Author: Mark Kleiman

Professor of Public Policy at the NYU Marron Institute for Urban Management and editor of the Journal of Drug Policy Analysis. Teaches about the methods of policy analysis about drug abuse control and crime control policy, working out the implications of two principles: that swift and certain sanctions don't have to be severe to be effective, and that well-designed threats usually don't have to be carried out. Books: Drugs and Drug Policy: What Everyone Needs to Know (with Jonathan Caulkins and Angela Hawken) When Brute Force Fails: How to Have Less Crime and Less Punishment (Princeton, 2009; named one of the "books of the year" by The Economist Against Excess: Drug Policy for Results (Basic, 1993) Marijuana: Costs of Abuse, Costs of Control (Greenwood, 1989) UCLA Homepage Curriculum Vitae Contact: Markarkleiman-at-gmail.com

20 thoughts on “Words-of-wisdom Dep’t”

  1. Yes. My year-long acquaintance with stats convinced me that if you haven’t got a Ph.D in it, it’s best not to get too excited. It is a Koolaid smorgasbord of error. Not that we shouldn’t have them, of course. I’m just agreeing with you.

  2. It depends on the meaning of “statistic”. I’m not inclined to disbelieve anyone’s data (unless I have taken against them for other reasons) but unless I have some great reason to trust the competence in statics or the scrupulous thoroughness of someone I’m very disinclined to trust claims of statistical significance that are made for data when such claims appear superficially dubious. Too few people really know their statistics and/or take sufficient care that the correct test is being properly applied; it is far more common for them to use a test that’s especially easy to apply, or that someone once told them is a good choice (in some context, possibly not the same one, if they were even right that time), or one that gives small error bars (Standard Error is often used instead of Standard Deviation for this reason, and only for this reason, not as a well-informed choice).

    1. Amen brother!

      Statistical tests are based on mathematical equations involving probability distributions and their interpretation depends critically upon the appropriateness of certain assumptions about the behavior of the underlying variables.
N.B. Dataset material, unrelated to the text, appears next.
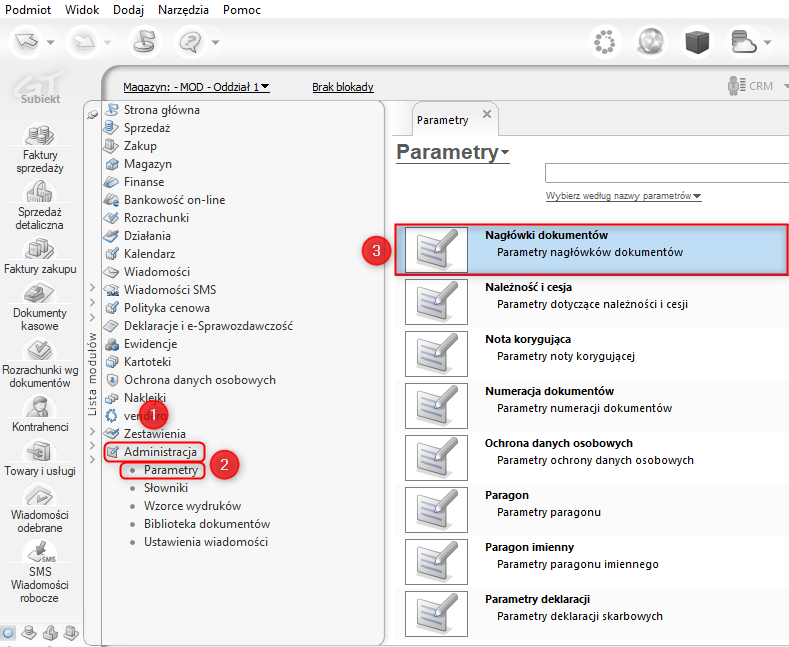 Nagłówek można również skonfigurować w osobnym module, tj. Administracja – Parametry – Nagłówki dokumentów.

      Example of where this gets difficult: there is disagreement regarding the causal relationship between upper extremity activity and the development of carpal tunnel syndrome (CTS). Do workers with high-force and high-repetition jobs (like poultry workers) run an increased risk of developing CTS? Same problem is seen with other upper extremity conditions like tendonitis and epicondylitis, but there is more literature on CTS than for most other conditions, so this is the example to illustrate Warren’s point.

      It turns out that there are many studies that attempt to answer this question. If you are really in luck, you may have a robust and reliable measurement of exposure (cycles per second and pounds of force) that you can use to see whether higher levels of exposure are related to a higher risk of CTS. You may actually enjoy the favor of the gods and have valid data for both exposure and outcome.

      Now, many or most of the aforesaid studies use some form of regression (logistic regression being the most commonly used) to test the hypothesis of a relationship between exposure and outcome. And a lot of these studies turn out to be inconclusive or “negative,” meaning that the regression coefficient for exposure was not “statistically significant.” From this fact, many readers conclude that there is no relationship between force/repetition and CTS.

      BUT logistic regression assumes that there is a linear relationship between the level of exposure and the natural logarithm of the odds of developing CTS. The less exposure, the better; with increasing levels of exposure, the risk goes up, and the lowest level of exposure is the lowest level of risk. Some exposure is bad, and more is worse.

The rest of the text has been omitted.